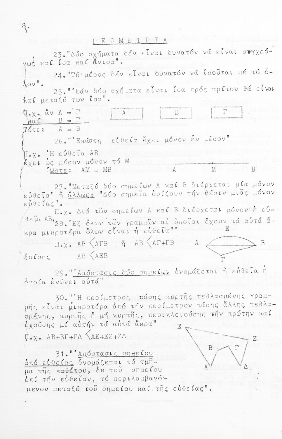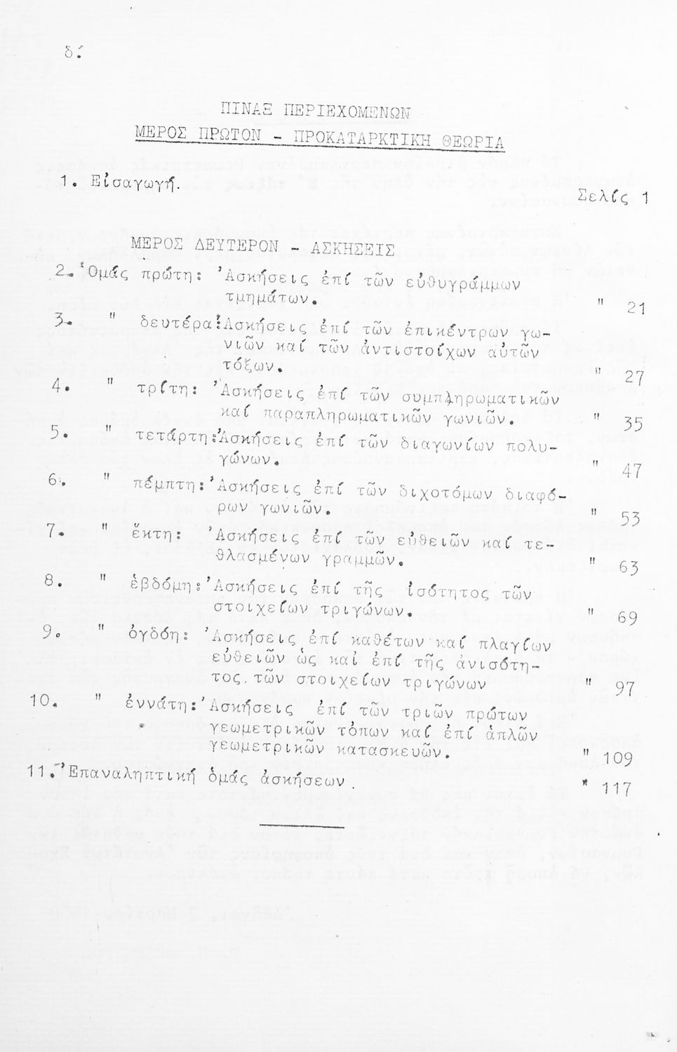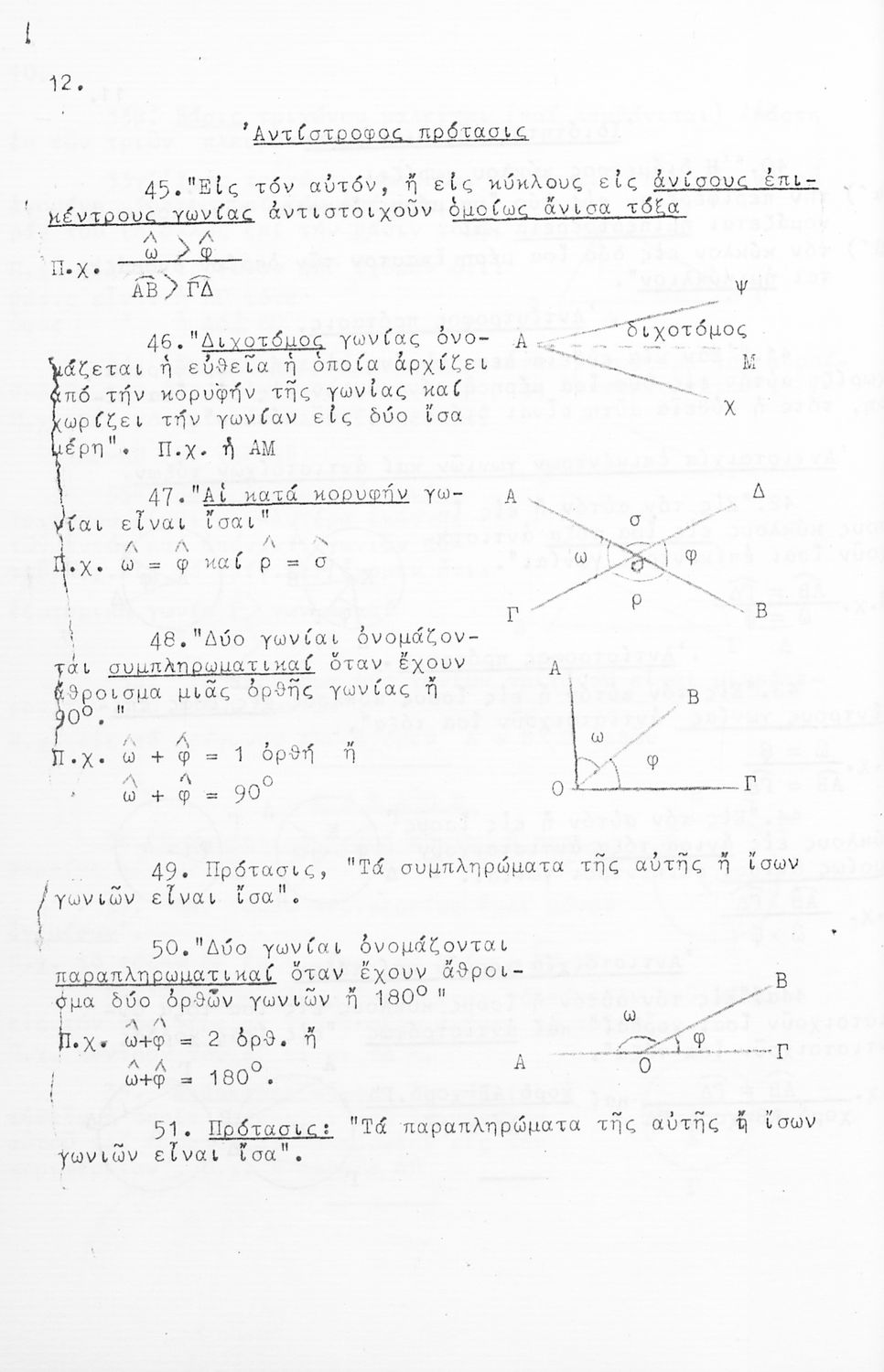 Βαθμίδα εκπαίδευσης: Δευτεροβάθμια Τάξη: Ε' Γυμνασίου Μάθημα: Μαθηματικά Γλώσσα: Καθαρεύουσα Παρουσίαση περιεχομένου: Μαθητικό βοήθημα Μαθηματικών της Ε΄ Γυμνασίου που περιέχει ασκήσεις γεωμετρίας και τις λύσεις τους. |
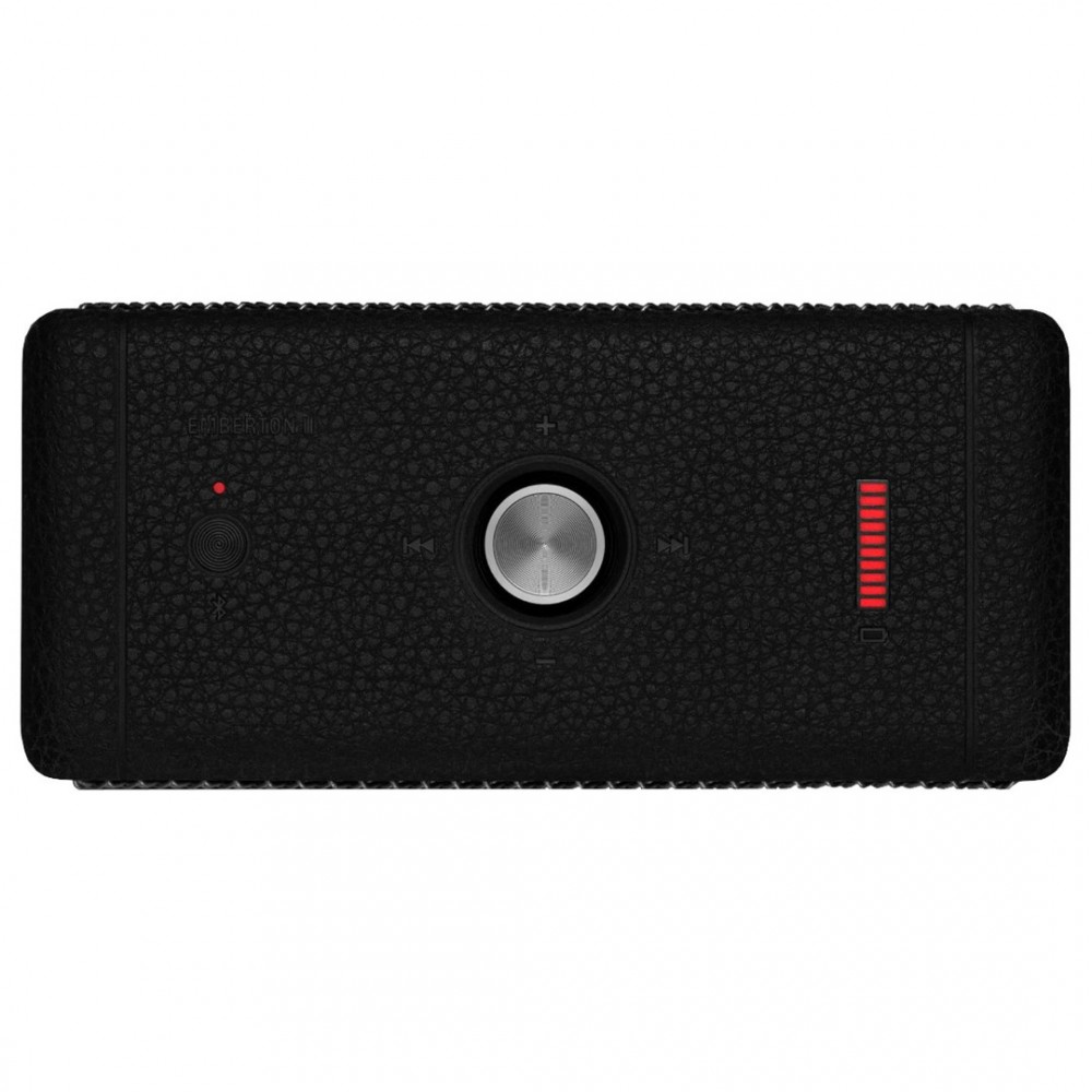 Marshall Emberton II Juodas ir Plieninis yra belaidis Bluetooth garsiakalbis, turintis 30 valandų baterijos veikimo laiką ir 3 valandų įkrovimo laiką. Jis pasižymi stereo garsu su dviem garsiakalbiais, Bluetooth ryšio atstumu iki 10 metrų ir matmenimis 160 mm x 76 mm x 68 mm, sveria 700 g.
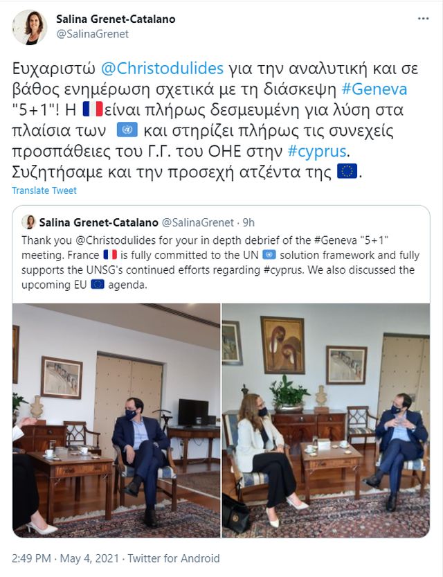 Σε ανάρτησή της στο Τwitter, η κ. Γκρενέτ-Καταλάνο ευχαρίστησε τον κ. Χριστοδουλίδη για την εις βάθος ενημέρωση σε σχέση με την άτυπη διάσκεψη τύπου 5+1 στη Γενεύη.
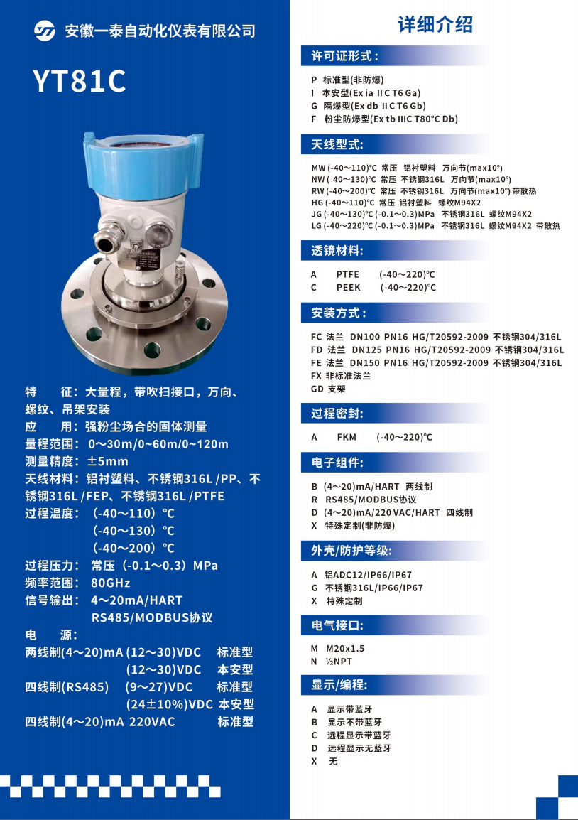 天线材料:铝衬塑料、不锈钢316L/PP、不 锈钢316L/FEP、不锈钢316L/PTFE
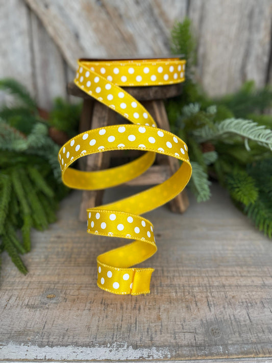 1"Yellow Mini Dots Ribbon, Farrisilk Ribbon, Yellow Polka Dot RIbbon

▸ **WHAT THE TASK ASKS**: Do not copy pictures. Restate exactly the lines from the one containing "Σε ανάρτησή της" through the last line of the records.

▸ **OUTPUT FOR THIS TASK**:
 Σε ανάρτησή της στο Τwitter, η κ. Γκρενέτ-Καταλάνο ευχαρίστησε τον κ. Χριστοδουλίδη για την εις βάθος ενημέρωση σε σχέση με την άτυπη διάσκεψη τύπου 5+1 στη Γενεύη.
 天线材料:铝衬塑料、不锈钢316L/PP、不 锈钢316L/FEP、不锈钢316L/PTFE
 1"Yellow Mini Dots Ribbon, Farrisilk Ribbon, Yellow Polka Dot RIbbon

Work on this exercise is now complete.